There is also a historical argument that free immigration and U.S. national sovereignty are not in conflict.  From 1790-1875 the federal government placed almost no restrictions on immigration.  At the time, states imposed restrictions on the immigration of free blacks and likely indigents through outright bars, taxes, passenger regulations, and bonds.  Many of those restrictions weren’t enforced by state governments and were lifted in the 1840s after Supreme Court decisions.  However, that open immigration policy did not stop the United States from fighting two wars against foreign powers – the War of 1812 and the Mexican-American War – and the Civil War.  The U.S. government’s monopoly on the legitimate use of force during that time was certainly challenged from within and without but the U.S. government maintained its national sovereignty even with near open borders.

The U.S. government was also clearly sovereign during that period of history.  Those who claim the U.S. government would lose its national sovereignty under a regime of free immigration have yet to reconcile that with America’s past of doing just that.  To argue that open borders would destroy American sovereignty is to argue that the United States was not a sovereign country when George Washington, Andrew Jackson, or Abraham Lincoln were Presidents.  We do not have to choose between free immigration and U.S. national sovereignty.

Furthermore, national sovereign control over immigrations means that the government can do whatever it wants with that power – including relinquishing it entirely.  It would be odd to argue that sovereign states have complete control over their border except they can’t open them too much.  Of course, they can – that is the essence of sovereignty.  After all, I’m arguing that the United States government should change its laws to allow for more legal immigration, not that the U.S. government should cede all of its power to a foreign sovereign. 

11.  “Immigrants won’t vote for the Republican Party – look at what happened to California.”

This is an argument used by some Republicans to oppose liberalized immigration.  They point to my home state of California as an example of what happens when there are too many immigrants and their descendants: Democratic control.  The evidence is clear that Hispanic and immigrant voters in California in the early to mid-1990s did turn the state blue but that was a reaction to the state GOP declaring political war on them.  Those who claim that changing demographics due to immigration is solely responsible for the shift in California’s politics have to explain the severe drop-off in support for the GOP at exactly the same time that the party was using anti-immigration propositions and arguments to win the 1994 election.  They would further have to why Texas Hispanics are so much more Republican than those in California.  Nativism has never been the path toward national party success and frequently contributes to their downfall.  In other words, whether immigrants vote for Republicans is mostly up to how Republicans treat them.    

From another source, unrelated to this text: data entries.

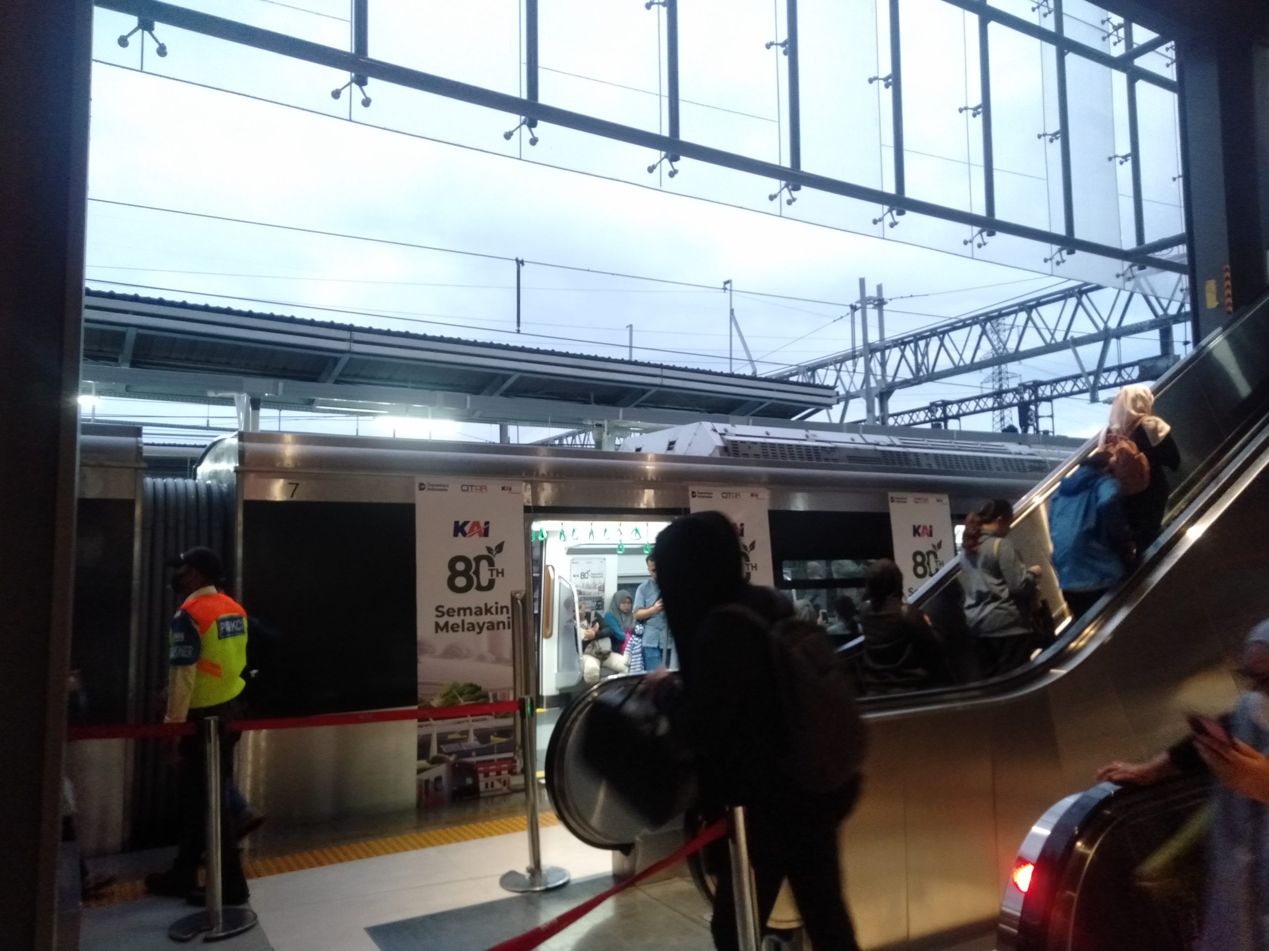 Akses eskalator di peron 2. Tampak bagian bawah eskalator rawan terkena tampias saat terjadi hujan deras yang disertai angin kencang karena panel kaca yang di atas menutupi bagian tengah saja. | Foto: RED/Enrico Perdana Putra
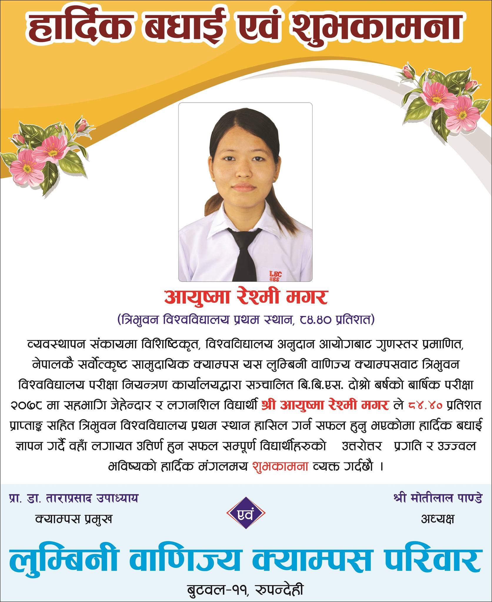 त्यस्तै वि.वि.एस दोस्रो बर्षको बार्षिक परीक्षामा आयुष्मा रेश्मी मगर त्रिभुवन विश्वविद्यालयमा प्रथम भएकी छन् । उनले ८४ दशमलव ४० प्रतिशत ल्याउँदै प्रथम भएको उनले बताए ।
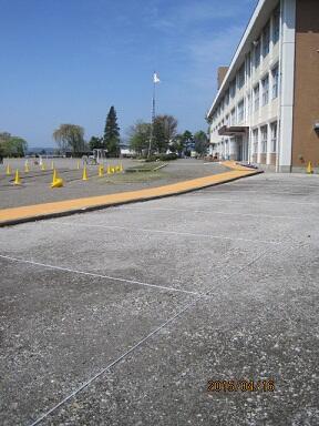 先日の、PTA総会の時に提案いたしましたが、昨日より登下校時の児童送迎保護者関係駐車場は校庭の西側から、校舎東側のスペースを送迎用駐車場として運用しております。
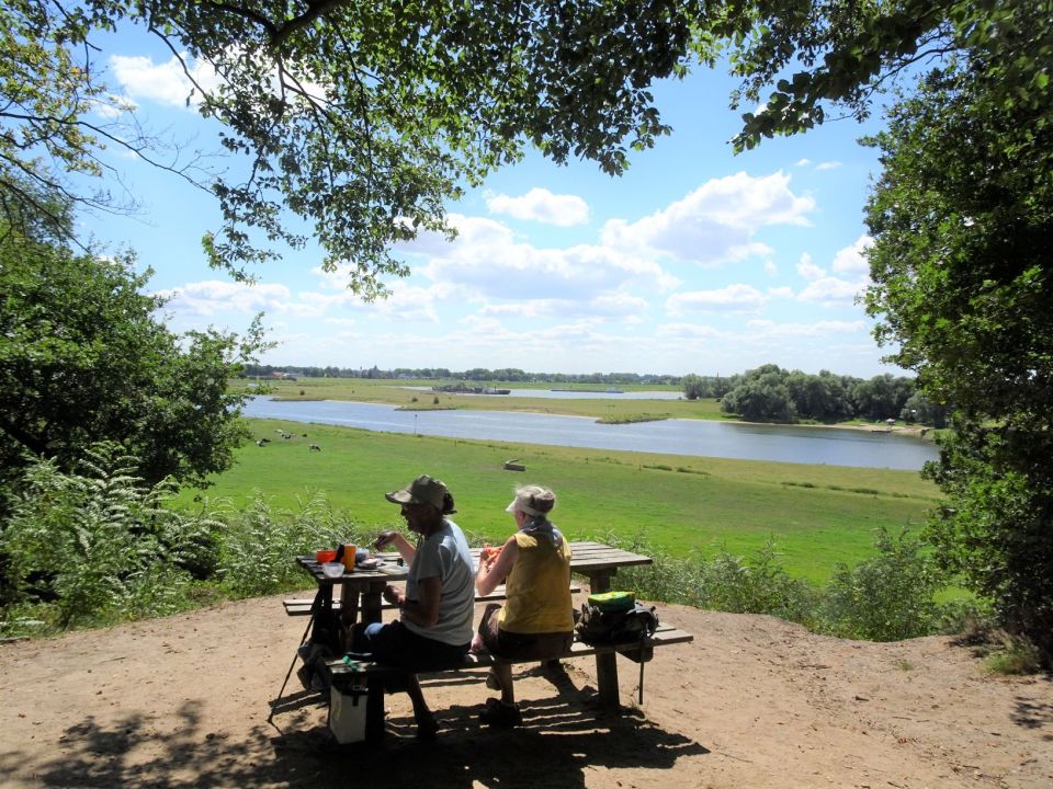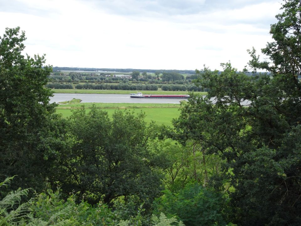 Evenwijdig gaat het langs de Nederrijn. Bij Opheusden gaan we met het pont over. De bootsman met nog maar alleen twee fietsers aan bord wacht op ons. Hij zag ons aankomen lopen. Nu zijn we op de Grebbedijk niet ver weg van Ouwehands Dierenpark en de erebegraafplaats van de omgekomen Nederlandse soldaten bij de slag op de Grebbeberg van mei 1940. Wij gaan echter de andere kant op over de Afweg, een erg stille weg. Bij het Nudepark komen we uit. Dat klinkt mooi. Het is een industriegebied met onder meer opslaggebouwen voor veevoer. Vrachtwagens rijden af en aan. Hier is ook geen fiets- of voetpad. Bepaald niet het mooiste stukje Wageningen.

Republicans should look toward the inclusive and relatively pro-immigration policies and positions adopted by their fellow party members in Texas and their subsequent electoral success there rather than trying to replicate the foolish nativist politics pursued by the California Republican Party.  My comment here assumes that locking people out of the United States because they might disproportionality vote for one of the two major parties is a legitimate use of government power – I do not believe that it is.   

12.  “Immigrants bring with them their bad cultures, ideas, or other factors that will undermine and destroy our economic and political institutions.  The resultant weakening in economic growth means that immigrants will destroy more wealth than they will create.”

This is the most intelligent anti-immigration argument and the one most likely to be correct, although the evidence currently doesn’t support it being true.  Economics Michael Clemens lays out a wonderful model of how immigrants could theoretically weaken the growth potential of any receiving countries.  In his model, he assumes that immigrants transmit these anti-growth factors to the United States.  However, as the immigrants assimilate into American ideas and notions, these anti-growth factors weaken over time.  Congestion could counteract that assimilation process when there are too many immigrants with too many bad ideas, thus overwhelming assimilative forces.  Clemens is rightly skeptical that this is occurring but his paper lays out the theoretical point where immigration restrictions would be efficient – where they balance the benefits of economic expansion from immigration with the costs of institutional degradation.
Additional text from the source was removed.